At grammar school they never stopped teaching us things. Learn to conjugate these verbs, these formulae, how to use a slide rule, to draw a sketch map of the Great Lakes (I still can, should you require it) to draw a diagram of a motte and bailey castle, this list of French nouns, adjectives that keep the E in Latin - - on and on and on.

Except in Art. In Art they taught us nothing. In Art we were given a piece of sugar paper and then had something plonked in front of us. We were to draw it, or sometimes to paint it with poster paints. Sometimes it was a plant. Frequently it was a still life. A pile of books with a ruler on the top. What could be more exciting for a class of thirteen-year-olds? A bowl of fruit. Whoopee.

Such things are only worth drawing if you have at least a morsel of an idea of how to draw them. What we did was start in the top left hand corner with an apple and then find that the apple was too big and the banana on the right-hand side wouldn't fit. Or that the apple was too small and you now had a drawing of a tiny bowl of fruit in the top left hand corner of a vast grey sugar-paper desert.

Occasionally we had a burst of using our imaginations where we were given a title such as "A Jungle" and we had to paint this. We all tried to put in monkeys, which we couldn't draw, and parrots, which we couldn't draw, and it was all very frustrating, apart from the snakes, which were easy, so we did lots of them. We drew our deformed parrots and monkeys and then coloured them in neatly and we knew this was not the way to great art but had no idea what was. My friend Sarah wisely stuck to lots of differently-coloured leaves and hers was a bit of a success and was put on the wall outside the Headmistress's study.

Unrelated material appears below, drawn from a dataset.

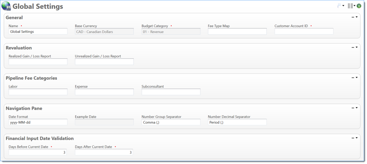 Budget Category | Select a budget category. This is the default for your environment and is used when projects have a setting that only one budget category is responsible for all the revenue. |

Did either of the art teachers ever suggest a method for setting about this mysterious craft? Or suggest how to show where the light fell, or how to draw a shape, or how to work out where to put it on the paper, or indeed how to look at anything and see how it actually looked rather than how you assumed it would look? No, they did not. This was the early nineteen-seventies and school art was still trailing clouds of summer-of-love and free expression.

So, when our tiny-bowl-of-fruit or deformed-monkeys was finished, or as finished as it was ever going to get, one of the art teachers would come and look at it. They were both gentle women aged about ninety-three (almost all our teachers were ninety-three at the time, though, with hindsight, they may have been a bit younger than that).

The art teacher stared at your picture for a while. If it looked reasonably like whatever you were trying to draw she would exclaim

"Ah! It's beautiful!"

If it looked nothing like anything at all and was a hideous mess of which you were deeply ashamed, she had a different exclamation.

"Ah! It's beautiful - - - of its kind."

Well-intentioned though they were, they failed us. They neither taught us the traditional skills of drawing and perspective, nor invited us to experiment with ideas and new materials. Our art lessons were one big missed opportunity.

In my brother's class at the middle school just down the road, they had a more lively approach and a skinny lad in my brother's class was no doubt doing terrible things to the school goldfish in his art lessons. His name was Damien Hirst.

1 Comments:

Blogger John said...

I have to thank Mrs Robinson for it was she who first suggested I went to Art School. "Who? What? Me?"

Up until Mrs Robinson the art lessons were a case of being given grey sugar paper and charcoal and told to draw. Which is a bit like being given some grass and a cow and told to bake a cake, or being given a tree and an axe and told to make a chest of drawers.

I remember Mrs Robinson's first art lesson: get a bit of cardboard [the revolution began] and draw a sort of fish, it doesn't have to look like a fish [sighs of relief from the class], now take some STRING, and some GLUE and, heaven forbid, SCISSORS and sort of run the string round the outline and stick it down and make coils of string for the eyes and scales and things, don't worry about how they look.

Now get some PRINTING INK [several members of the class suffered minor heart failure with the excitment] and a ROLLER, and... AND SOME WHITE PAPER. [The School Nurse had to be called].

Well we were away, and the results were stunning, but best of all WE liked the pictures.

There not so hard was it? Who ever it was in the Ministry of Education that ordered the Nation's Supply of Sugar Paper should have been shot.